Streaming response (SSE)

  • For each Copilot content chunk:
data: {"id":"cmp_<uuid>","object":"chat.completion.chunk","choices":[{"index":0,"delta":{"content":"<chunk>"}}]}
  • Terminate with:
data: [DONE]

Nonstreaming response

{
  "id": "cmpl_<uuid>",
  "object": "chat.completion",
  "choices": [
    { "index": 0, "message": { "role": "assistant", "content": "<full text>" }, "finish_reason": "stop" }
  ]
}

GET /v1/models

{
  "data": [
    { "id": "gpt-4o-copilot", "object": "model", "owned_by": "vscode-bridge" }
  ]
}

GET /healthz

{ "ok": true, "copilot": "ok", "version": "<vscode.version>" }

Error envelope (OpenAIstyle)

{ "error": { "message": "Copilot unavailable", "type": "server_error", "code": "copilot_unavailable" } }

Extension Design

package.json (relevant)

  • activationEvents: onStartupFinished (and commands).
  • contributes.commands: bridge.enable, bridge.disable, bridge.status.
  • contributes.configuration (under bridge.*):
    • enabled (bool; default false)
    • host (string; default "127.0.0.1")
    • port (int; default 0 = random ephemeral)
    • token (string; optional bearer; empty means no auth, still loopback only)
    • historyWindow (int; default 3)

Lifecycle

  • On activate:
    1. Check bridge.enabled; if false, return.
    2. Attempt vscode.chat.requestChatAccess('copilot'); cache access if granted.
    3. Start HTTP server bound to loopback.
    4. Status bar item: Copilot Bridge: OK/Unavailable @ <host>:<port>.
  • On deactivate/disable: close server, dispose listeners.

Copilot Hook

const access = await vscode.chat.requestChatAccess('copilot');   // per enable or per request
const session = await access.startSession();
const stream  = await session.sendRequest({ prompt, attachments: [] });
// stream.onDidProduceContent(text => ...)
// stream.onDidEnd(() => ...)

Implementation Notes

  • HTTP server: Node http or a tiny express router.

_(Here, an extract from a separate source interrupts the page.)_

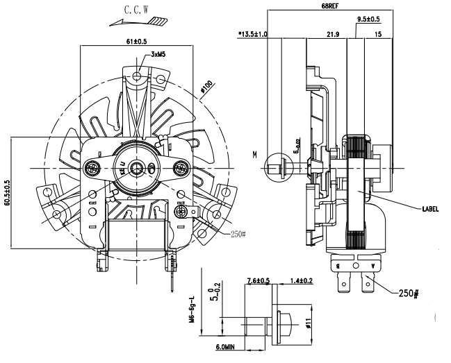 Чертеж вентилятора KELI YJ61-20A B2295YJ002A:
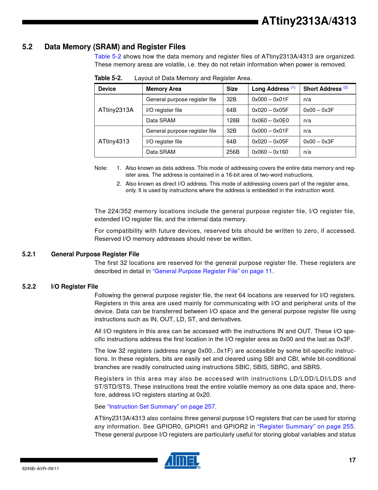 ATtiny2313A/4313. 5.2. Data Memory (SRAM) and Register Files. Table 5-2. Device. Memory Area. Size. Long Address. Short Address. 5.2.1

Keep it minimal to reduce dependencies.
  • Auth: optional Authorization: Bearer <token>; recommended for local automation. Reject mismatches with 401.
  • Backpressure: serialize requests or cap concurrency (configurable). If Copilot throttles, return 429 with Retry-After.
  • Message normalization:
    • Coerce content variants (string, arrays, objects with text) into plain strings.
    • Join multipart content with \n.
  • Streaming:
    • Set headers: Content-Type: text/event-stream, Cache-Control: no-cache, Connection: keep-alive.
    • Flush after each chunk; handle client disconnect by disposing stream subscriptions.
  • Nonstream: buffer chunks; return a single completion object.
  • Errors: 503 when Copilot access unavailable; 400 for invalid payloads; 500 for unexpected failures.
  • Logging: VS Code Output channel: start/stop, port, errors (no prompt bodies unless user enables verbose logging).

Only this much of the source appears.